Try it: Beneath this line sits some data. Return only its lines from the one holding "3,然后打开电脑管家——软件" through the one holding "Die Tagung fand", inclusive, exactly, with the images removed.

Material for the task:
────────────────

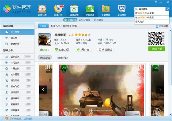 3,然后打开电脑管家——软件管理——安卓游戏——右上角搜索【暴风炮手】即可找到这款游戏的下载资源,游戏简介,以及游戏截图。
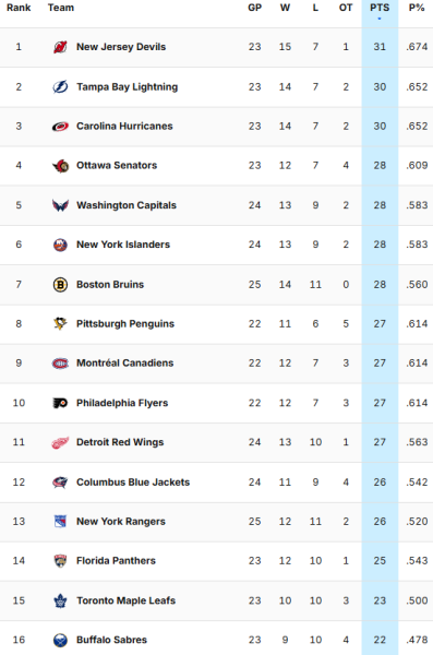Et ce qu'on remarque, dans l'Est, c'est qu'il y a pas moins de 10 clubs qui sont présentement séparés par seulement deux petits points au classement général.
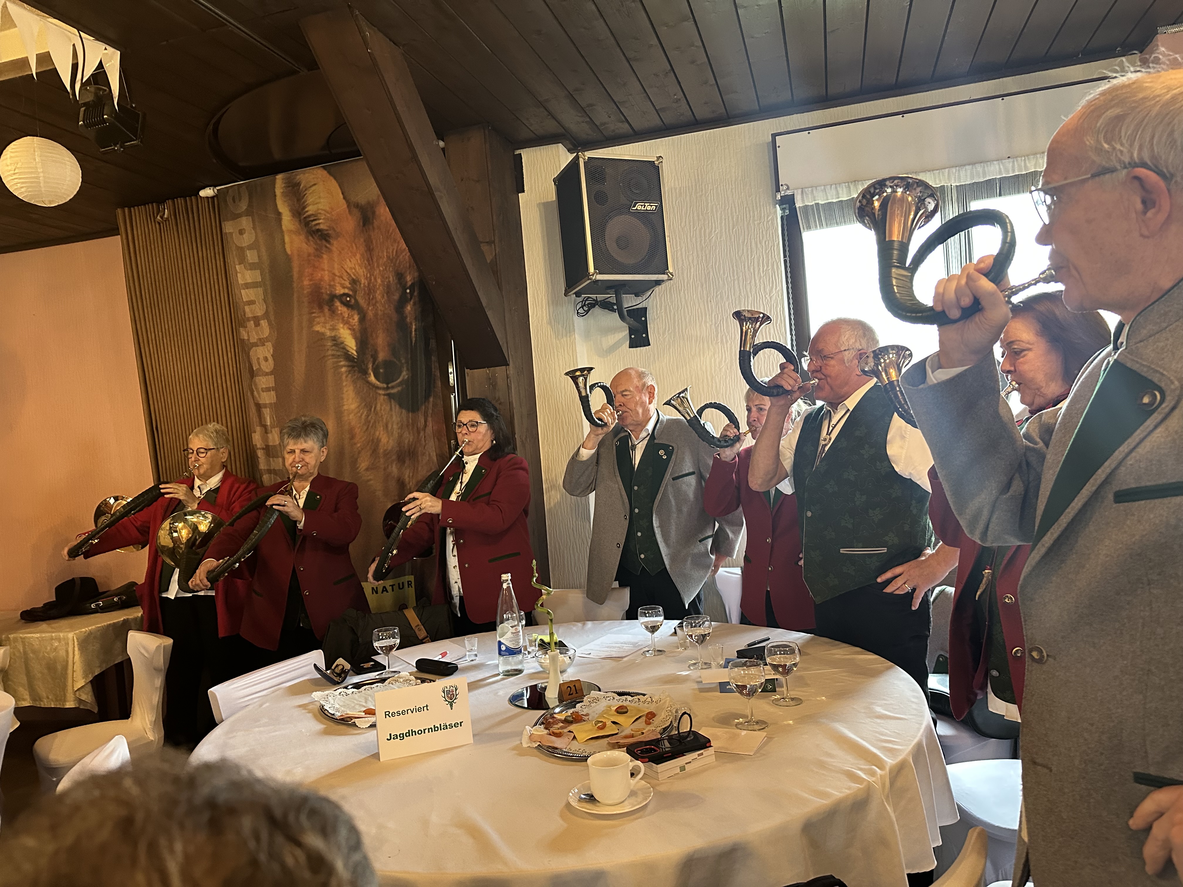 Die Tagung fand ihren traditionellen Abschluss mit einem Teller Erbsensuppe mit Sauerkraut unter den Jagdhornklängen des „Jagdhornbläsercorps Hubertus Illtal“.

────────────────

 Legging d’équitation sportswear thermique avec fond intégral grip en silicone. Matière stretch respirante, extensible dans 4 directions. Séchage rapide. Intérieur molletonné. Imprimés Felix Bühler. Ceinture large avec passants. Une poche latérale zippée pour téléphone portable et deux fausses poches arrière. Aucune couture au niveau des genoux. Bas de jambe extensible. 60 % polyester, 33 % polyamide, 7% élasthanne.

────────────────

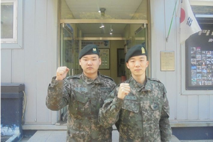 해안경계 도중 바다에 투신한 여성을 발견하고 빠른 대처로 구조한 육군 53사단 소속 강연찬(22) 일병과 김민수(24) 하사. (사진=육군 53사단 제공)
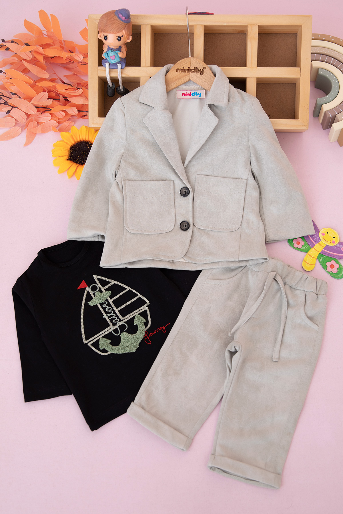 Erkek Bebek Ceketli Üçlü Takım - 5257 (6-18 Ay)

────────────────

Task response:
 3,然后打开电脑管家——软件管理——安卓游戏——右上角搜索【暴风炮手】即可找到这款游戏的下载资源,游戏简介,以及游戏截图。
Et ce qu'on remarque, dans l'Est, c'est qu'il y a pas moins de 10 clubs qui sont présentement séparés par seulement deux petits points au classement général.
 Die Tagung fand ihren traditionellen Abschluss mit einem Teller Erbsensuppe mit Sauerkraut unter den Jagdhornklängen des „Jagdhornbläsercorps Hubertus Illtal“.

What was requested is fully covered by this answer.